Friday, July 27, 2012

Blog 5: Response Paper

One of the most memorable companies accompanying the dot com bubble was theGlobe.com.  The Globe was a social networking site that was the largest first day gain of any IPO (initial public offering), with stocks ranging from the initial 9$ per share up to a high of 97$ a share. The company has since went out of business in 2008 with their share prices averaging about 15 cents per share.

The Globe was not unlike any other publicly traded dot com business. With large speculation in the advancement of the internet and large cash flows from venture capital firms, each business was spending lots of money. So much money that virtually none of these companies would yield or even come close to turning a profit. The business plan of the Globe was to invest largely into publicizing the site, creating a large visitor audience, and wait for a solution as how to convert those visitors into revenue. The internet columnist from the New York Times said it very clearly in his example. His comparison to what these companies were doing at the time was like selling one hundred dollar bills for ten dollars a piece. The point is that this would of course bring in a large audience, but it would not have a sustainable way to continue because there is no way to make money that way. Written out like that, it would seem that the entire plan was not very solid. The entire business model started without an end in mind. They should have been more cautious with their money because of this.

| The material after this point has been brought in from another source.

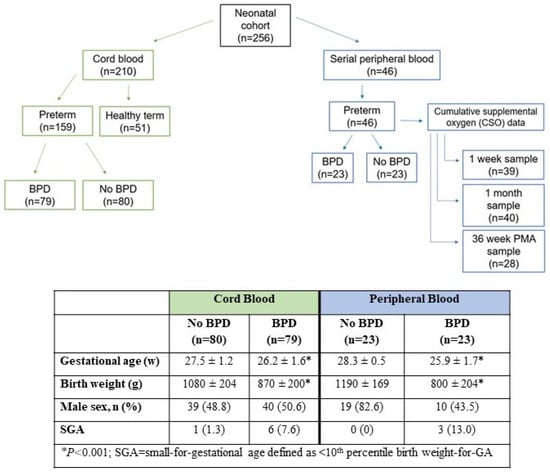 Patients were drawn from an ongoing birth cohort study conducted at Prentice Women’s Hospital (Chicago, IL, USA) from 2008 to 2021. As shown in Figure 2, there were two arms of the study: (1) The cord blood arm comprised 210 births (159 EPT and 51 FT) with corresponding archived cord blood plasma samples which were drawn from the larger birth cohort. A total of 79 BPD and 80 non-BPD infants were included in the final analysis, in addition to 51 healthy FT infants (born at ≥37 completed weeks without newborn complications) who were enrolled over the same time period. Informed consent was obtained from mothers prior to participation. The details of enrollment and sample/data collection, processing, and archive in the parent cohort have been published previously and are described elsewhere [16,17,18]. (2) The peripheral blood arm included 46 EPT infants who were followed prospectively from 2020 to 2021 with scavenged postnatal blood samples recovered from scheduled blood draws performed at 1-week, 1-month, and 36-weeks postmenstrual age (PMA). The samples were linked to clinical data throughout each patient’s NICU hospitalization, including respiratory data and cumulative supplemental oxygen exposure (see below). Informed consent was waived under a scavenged biospecimen protocol that was linked to coded data that were deidentified upon NICU discharge. There was no patient overlap between cord blood and peripheral blood arms.

The investors at the time were all inthralled with the internet sector and dot com businesses because they were simply making record breaking gains in short periods of time (up to fourty points in one day). Larry Wachtel, a top financial analyst, says that though he was an old school investor who stuck to the fundamentals, he eventually became an investor himself. Why is this? He simply attributes greed as the driving force to as why all these investors who should have known better were funneling all of their money into the dot com businesses. The reason all of these companies were jumping up so high in price was due to speculation. Speculation was good for the dot com businesses because everyone expected large and fast advancement. The speculation for advancement was so good that even the most experienced investors would ignore vital stock statistics like the price earning ratio (P/E ratio).

I think investors today are more mindful of these types of bubbles, but there are instances where they continue to make the same mistakes. Internet companies such as Netflix and Amazon, which have given enormous returns in the past few years, but also had very high price earnings ratios. Just like clockwork each company had a giant slump within the past five years that have cost investors millions of dollars.

I want to stress that this is all in hindsight. Investing is practically gambling, in that the bigger the risk, the better the return. Investors looking for big profits are tempted greatly to invest in new technologies that are not proven. After these companies/sectors have proven that they are good business models and can yield high profits in the future, the jig is up. There is no more money to make investing in proven industries, but it is just the opposite with unproven ones. There will no doubt be another technology bubble because in order to make money in the technology world, companies have to push the envelope and explore new and advanced ground.

The dot com bubble was good and bad for the internet business. A lot of internet companies today have a better foundation in their business plans. They have improving advertising schemes that actually do yield profits (Google, Facebook, etc.). Some companies had good structures already, but lost much of their investment due to the lack of faith in the internet sector. I believe that these better business models and growing faith have created better sites for the viewer, more sustainable business for the owners/employees. This translate to a better economic standing for the sector overall.

Some see a comparative situation between the dot com bubble of the early 2000’s with the mobile application market today. There is no way to tell if there is going to be a bubble in the future, but it is almost safe to say that there hasn’t been one already. Existing companies and start-ups alike are spending lots of money into the development of mobile applications. This is to gain exposure, create company awareness and gain profits through advertising and the actual purchase price of the app. I do see potential for a bubble to happen. The sectors are very similar in that these companies have lots of money invested in order to gain visitors. I do not see how there is as much opportunity to yield great profits compared to the amount of money going into the development. The mobile app businesses are correcting themselves against the mistakes that eventually lead to the demise of the dot com companies. The business plans seem much better as advertising and purchase prices are a good source of cash flow. This can only go so far though. I think that if venture capital continues to pour much more investment into these companies, investors will follow and the end result will in no doubt be the newest technology bubble.